* DATA SECTION *
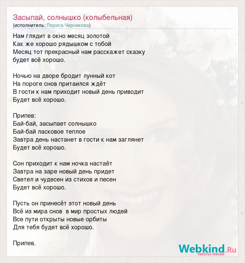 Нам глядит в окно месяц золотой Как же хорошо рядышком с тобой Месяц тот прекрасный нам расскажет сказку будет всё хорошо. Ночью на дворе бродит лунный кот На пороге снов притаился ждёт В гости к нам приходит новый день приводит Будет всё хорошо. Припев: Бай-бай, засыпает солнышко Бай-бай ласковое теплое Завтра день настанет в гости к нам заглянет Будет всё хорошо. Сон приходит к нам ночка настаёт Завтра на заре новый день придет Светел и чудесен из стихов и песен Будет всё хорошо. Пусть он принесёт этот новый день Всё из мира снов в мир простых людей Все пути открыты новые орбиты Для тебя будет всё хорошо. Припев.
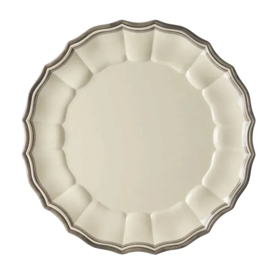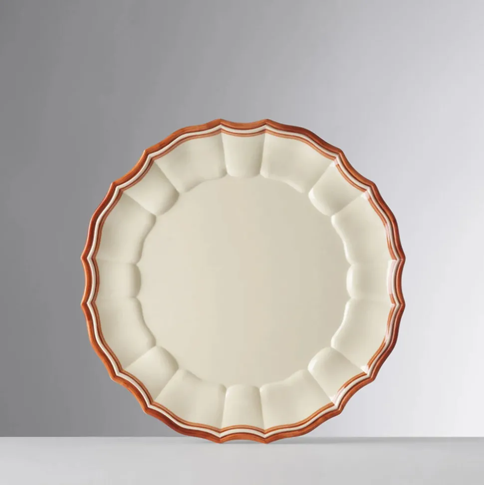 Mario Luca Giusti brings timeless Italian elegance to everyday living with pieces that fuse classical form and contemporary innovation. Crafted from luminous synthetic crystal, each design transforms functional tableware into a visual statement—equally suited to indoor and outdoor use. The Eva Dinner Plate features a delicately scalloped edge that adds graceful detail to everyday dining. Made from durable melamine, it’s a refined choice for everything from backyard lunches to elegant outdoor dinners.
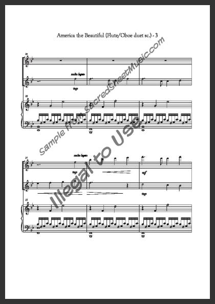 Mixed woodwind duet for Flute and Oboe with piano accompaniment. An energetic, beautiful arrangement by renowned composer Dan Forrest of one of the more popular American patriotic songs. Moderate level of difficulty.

* WORK ITEM *
Leave the pictures out, and copy exactly each line from the one containing "Mario Luca Giusti" through the final line of the data.

* SOLUTION FOR THIS PROBLEM *
 Mario Luca Giusti brings timeless Italian elegance to everyday living with pieces that fuse classical form and contemporary innovation. Crafted from luminous synthetic crystal, each design transforms functional tableware into a visual statement—equally suited to indoor and outdoor use. The Eva Dinner Plate features a delicately scalloped edge that adds graceful detail to everyday dining. Made from durable melamine, it’s a refined choice for everything from backyard lunches to elegant outdoor dinners.
 Mixed woodwind duet for Flute and Oboe with piano accompaniment. An energetic, beautiful arrangement by renowned composer Dan Forrest of one of the more popular American patriotic songs. Moderate level of difficulty.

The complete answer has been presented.